Desde hace años es un lugar común que la democracia de masas, propia de nuestro tiempo, está ineluctablemente abocada al Estado de Partidos. Aquél en que cada una de estas organizaciones políticas detenta exclusiva y excluyentemente una fracción de la soberanía; es su concurso el que articula la voluntad general; y sólo ellas protagonizan la vida política, de manera que únicamente a su través es posible la participación, incluso la meramente electoral, en la cosa pública.De hecho, los partidos políticos, pese a que el artículo 6 de la Constitución exige su carácter democrático, se han configurado como espacios inmunes en su interior al propio orden constitucional. La ley de bronce que en su día señalara Mitchell, convertida en ley de hierro por su fortaleza y de hojalata por su calidad, llevó a excluir de su seno los procedimientos democráticos y la libertad de opinión, expresión y asociación en pro del poder de liderazgos, en el mejor de los casos carismáticos, y burocráticos después. Pero lo peor no es eso, sino que la opinión, debidamente deformada, condena como insolidaridad cainita cualquier divergencia en el seno de los partidos, sin distinguir lo que son legítimas e incluso convenientes discrepancias ideológicas, programáticas o estratégicas de las meras rivalidades personales por una posición de poder que, en más de una ocasión, es el único puesto de trabajo al que se puede aspirar. La disciplina del PCUS estaliniano se convierte así en la única alternativa a la olla de grillos.

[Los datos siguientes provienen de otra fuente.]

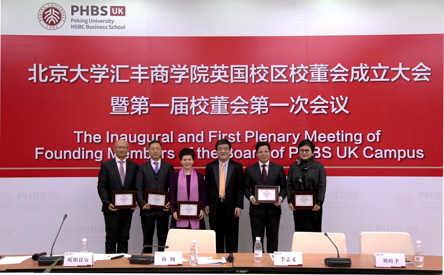 2018年1月13日,北京大學匯豐商學院英國校區(qū)校董會成立大會暨第一屆校董會第一次會議在學院509會議室隆重舉行。北京大學校務(wù)委員會副主任、匯豐商學院院長海聞,副院長李志義、歐陽良宜,20位創(chuàng)始校董及學院相關(guān)部門負責人出席了會議。會議由歐陽良宜副院長主持。

Pero ahora salen a luz los amargos frutos de esta reducción de la democracia a una partitocracia burocratizada: el Estado de Partidos puede convertirse en Estado de Siglas. Los éxitos del GIL, siglas que traslucen un apellido familiar y en las que se confunden todo tipo de patrimonios, político, deportivo, inmobiliario y empresarial, muestran que en nuestro actual sistema basta presentar unas siglas al electorado para transformarse en lo que debiera ser cauce de participación democrática, con las ventajas políticas y económicas que ello supone.

Pero la reciente candidatura de don Mario Conde por el CDS revela que no es necesario utilizar ni siquiera el propio nombre, sino que basta controlar, de una manera u otra, unas siglas partidistas. De esta manera, incluso un símbolo respetable de la democracia puede convertirse en tapadera de empresas que nada tienen que ver a lo que en sus inicios supuso el CDS y, menos aún, con los valores a cuya instauración tan decisivamente contribuyó el Sr. Suárez. El lucro de los detentadores de las siglas y la defraudación del electorado vendrá después.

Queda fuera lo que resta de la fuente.